Man, those base models give you WAY more options for exhaust... nice diffuser, you can't do that on an RS plus the lip spoiler doesn't allow you to put on a wing...


----------



## AutumnCruzeRS (Sep 10, 2012)

Chase Toole said:


> Man, those base models give you WAY more options for exhaust... nice diffuser, you can't do that on an RS plus the lip spoiler doesn't allow you to put on a wing...
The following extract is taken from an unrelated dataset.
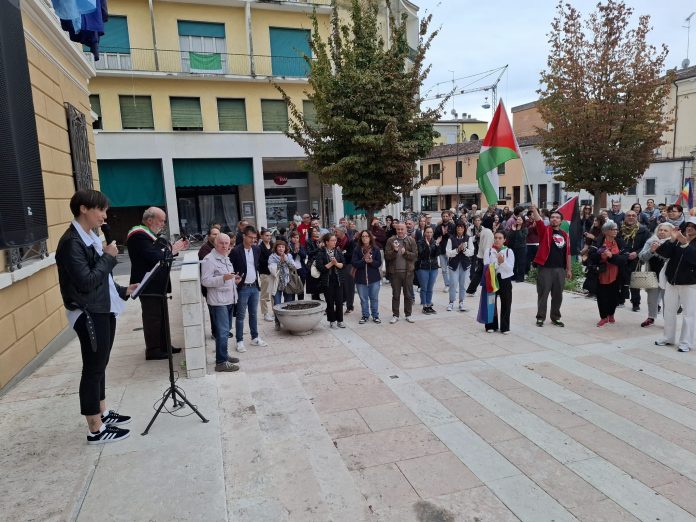 Iniziativa alla quale hanno aderito vari Amministratori locali, Parrocchia di Pegognaga, Anpi, Pd, Giovani Democratici, movimenti pacifisti e tantissimi cittadini e cittadine uniti nel grido comune “Stop al genocidio, Palestina libera!” Ha aperto la manifestazione Viola Messori capogruppo di Riattiviamo Pego dicendo «Siamo in piazza per chiedere la sospensione di ogni forma di cooperazione militare con Israele, compresi forniture, trasferimenti tecnologici e addestramenti, fino alla cessazione delle gravi violazioni del diritto internazionale e umanitario. Abbiamo chiesto al Governo italiano di fare pressione politica e diplomatica onde garantire l’accesso immediato degli aiuti umanitari a Gaza e scarcerazione e rientro di tutti gli attivisti della Resistenza Globale Sumud Flotilla e di attivarsi per la cessazione immediata del fuoco con la liberazione degli ostaggi detenuti da Hamas. La pace è un diritto ed insieme la difendiamo e l’affermata nella nostra piazza». Messori ha ricordato che nel consiglio comunale del 30 settembre RiAttiviamo Pego ha depositato una mozione urgente per sollecitare azioni concrete contro il genocidio a Gaza.

It seems that GM tried to hide the exhaust on the RS and succeeded. Ionce was asked if it was an electric because of this. I think Tmathe should sell this to GM for future cruze RS models.


----------



## FormulaCruze (Dec 8, 2012)

Hey cronyjabrony does that diffuser fit the RS? It looks Great!


----------



## Mick (Dec 31, 2011)

Looks nice tmath, but the tips look small. Did you get a smaller size out does it just look like that cause the bumper?




FormulaCruze said:


> Hey cronyjabrony does that diffuser fit the RS? It looks Great!


It won't. You'll need a non rs bumper if you want a diffuser.

Sent from AutoGuide.com Free App


----------



## tmath11 (Feb 18, 2013)

AutumnCruzeRS said:


> Looks good! This is exactly what Ive been wanting to do with mine. Im just not set on a muffler yet. Where are those tips from? Hows the sound?


The tips are Magnaflow #35129 I believe. The sound is nice -- very mild. I left the stock resonator on it.


----------



## austinsides (Apr 25, 2013)

How much did all of this cost? I'm looking into an exhaust system, but I don't want it to be overbearingly loud. Any suggestions?


----------



## bci26401 (Jun 25, 2012)

austinsides said:


> How much did all of this cost? I'm looking into an exhaust system, but I don't want it to be overbearingly loud. Any suggestions?


The magnaflow is not overbearing. It sounds just right for the Cruze. Once u get a trifecta performance tune the sound is enhanced and sounds even better.


----------



## jblackburn (Apr 14, 2012)

I actually quite like that.

I wish the Cruze's was visible with some kinda chrome tip, but the dual setup there looks great and isn't overstated.


----------